ICP-MSとは、イオン源に誘導結合プラズマを用いる質量分析である。プラズマは高温でイオン化される陽イオン、自由電子、および中性分子と原子で構成される「イオン化ガス」のことである。プラズマはほぼ電気的に中性であるが、構成粒子が帯電しているため、通常のガスとは状態が異なる。プラズマは物質の4つの基本的な状態の1つであり、固体、液体、気体とは異なる。微量元素の分析に用いるICP-MSは、サンプル導入システム、プラズマ生成、サンプラー/スキマーインターフェイス、イオン光学系、質量分析計などのいくつかのセクションで構成されている。

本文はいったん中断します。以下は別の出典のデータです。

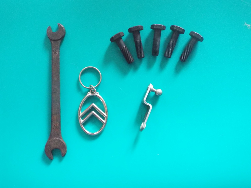 Et quelques emplettes : une clé 8x10 SER d'outillage de 2 CV, 5 vis de volant moteur neuves (il n'y en a plus chez les marchands), un porte clé chevrons moderne mais je trouve sympa pour ma A, et un levier de carbu avec rotule pour Math. Il devra juste dessertir la rotule, la retourner et y mettre un point de soudure car il est à l'envers pour le 22 ZACI de sa A, mais je n'en ai pas trouvé d'autre !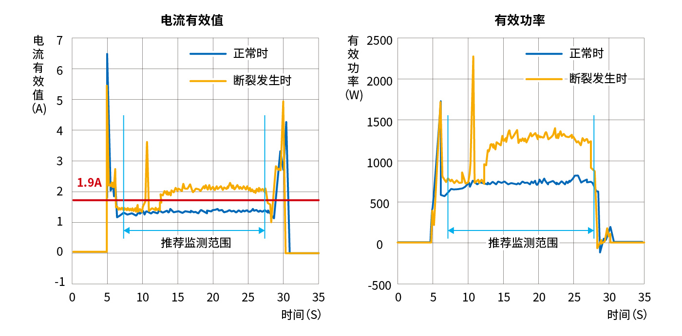 K7DD通过电流有效值徒增和有效功率超限的双重验证,对钻头进行早期断裂监测,实现极高可靠性的断裂识别。

通常、微量元素の分析にはアルゴンプラズマが用いられる。アルゴンプラズマは石英ガラス管の周りに巻いた誘導コイルに高周波数の大電流を流し、中央を流れるアルゴンガスに放電を行うことによって発生させる。このアルゴンプラズマに溶液化した目的試料を流して元素をイオン化し、プラズマ後方に位置するイオンレンズを通して四重極質量分析部に送り込む。イオンビームの検出は二次電子増倍管(SEM)によって行われる。なお、我々の研究室では、固体試料にレーザーを照射することにより試料導入を行う「レーザーアブレーション法」も行っている。